I don't agree that it's bad, only that it's bad if you're surprised by it. Right now, the default is to be surprised. That's not how we should leave things.

But when you're working with Doubles, and everything is a Double that you care about, the cognitive overhead of having to switch your Longs but not your Ints (coming in from somewhere else) is grating. You might lose precision, but you won't be far wrong.

I like the Rust-style convert-absolutely-everything-explicitly style of dealing with primitives. And I like the Scala style of convert-everything-that-fits. Either way, there's an underlying simplicity--not too many rules to remember. The problem is that the notion of "fits" is different in different contexts. This favors the precise-but-more-fiddly bit depth "fits" over the less-precise-but-easier-to-remember bigness "fits". If you actually mean bigness-fits, I think you should be able to use it, since there's no real principled way to say which one is more important.

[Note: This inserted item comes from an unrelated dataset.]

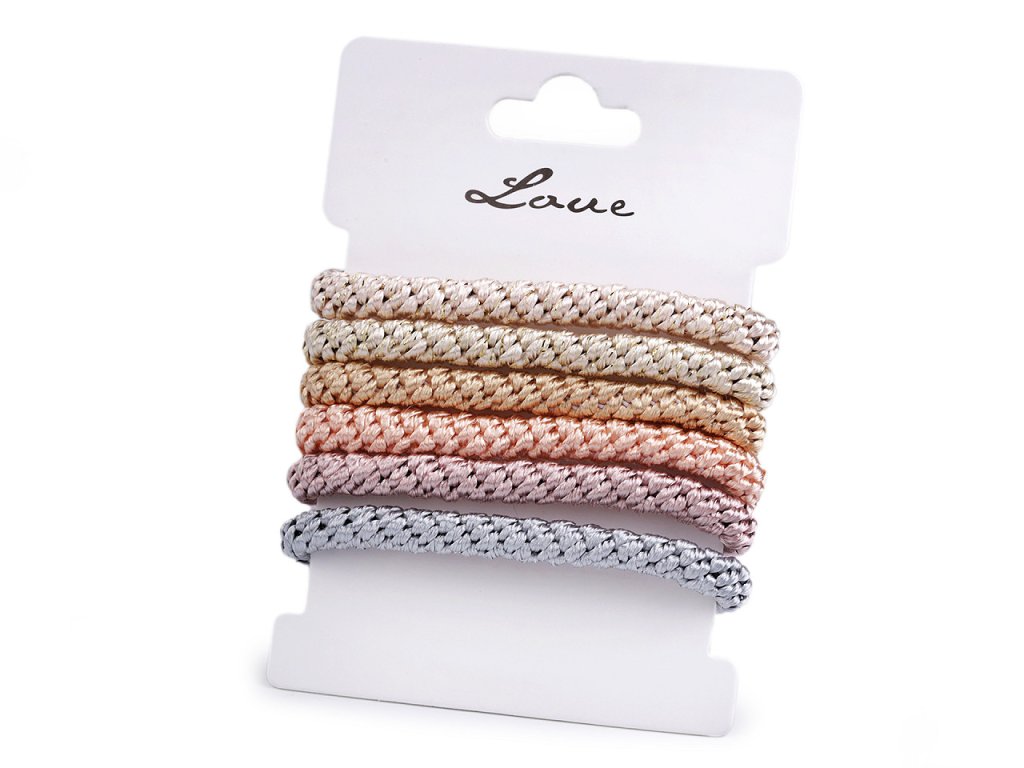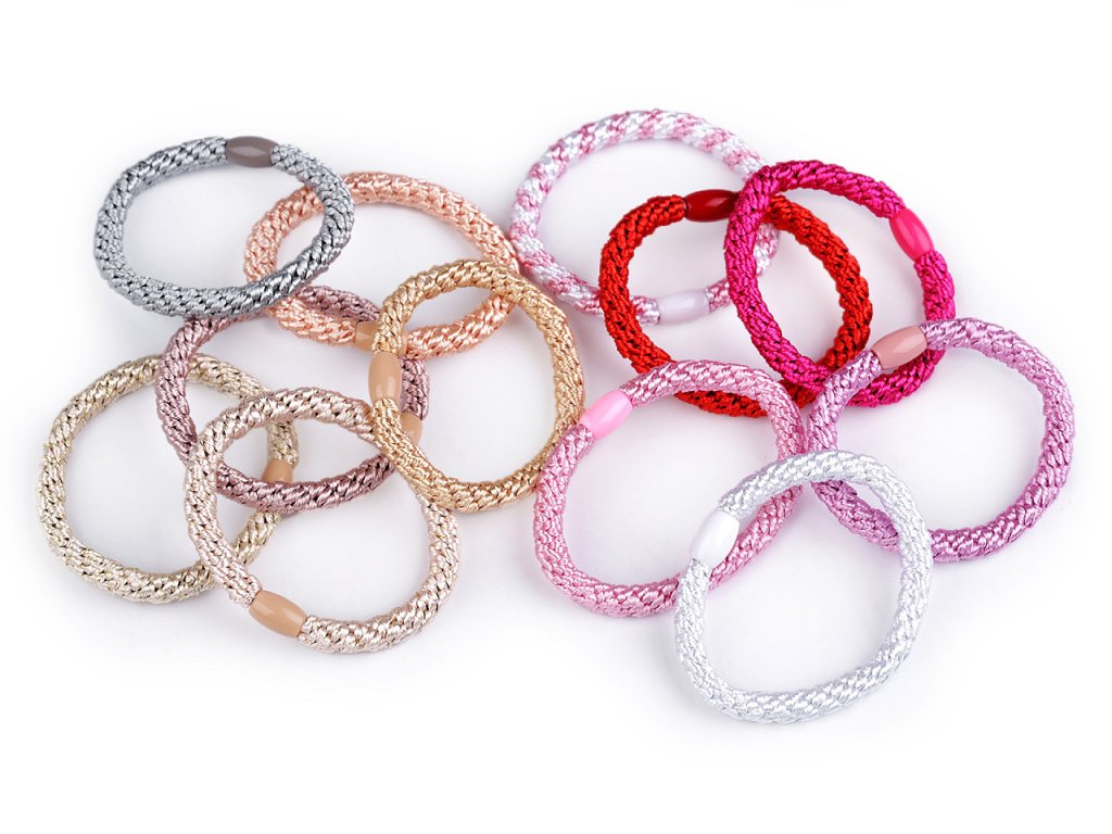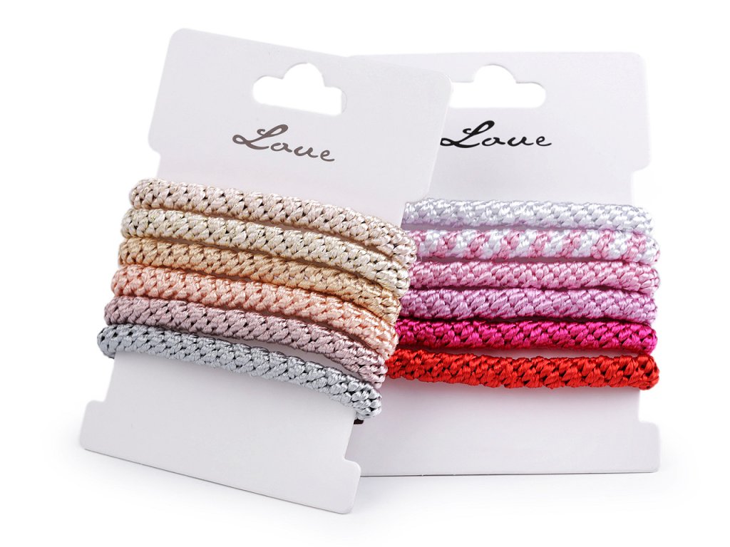Pevné gumičky s pružným spleteným opletem se hodí pro vytvoření pevného účesu. Jsou vhodné i pro hustší vlasy. V zadní části mají plastovou spojku ve tvaru oválného korálku. V jedné sadě je 6 gumiček. Vnitřní průměr gumičky je cca 4,8 cm a maximální délka obvodu po roztažení je cca 24 cm. Gumičky jsou na kartě, která má otvor na zavěšení na prodejní stojan.- Průměr: cca 5,8 cm

Alternatively, we could try to make the only operation widening within the same category. In that view, only these transitions are allowed:

Byte -> Short -> Int -> Long
Float -> Double

Everything else is deprecated. This has the advantage of being especially easy to remember and protecting people from other issues like a / b not working the same way if you have integers as if you have floating point values. That is a much more serious and common problem than losing a few bits of precision when you stuff an Int into a Float.

I actually think that's what I'd prefer. But it's a big change, so we should be gentle about it if we do it.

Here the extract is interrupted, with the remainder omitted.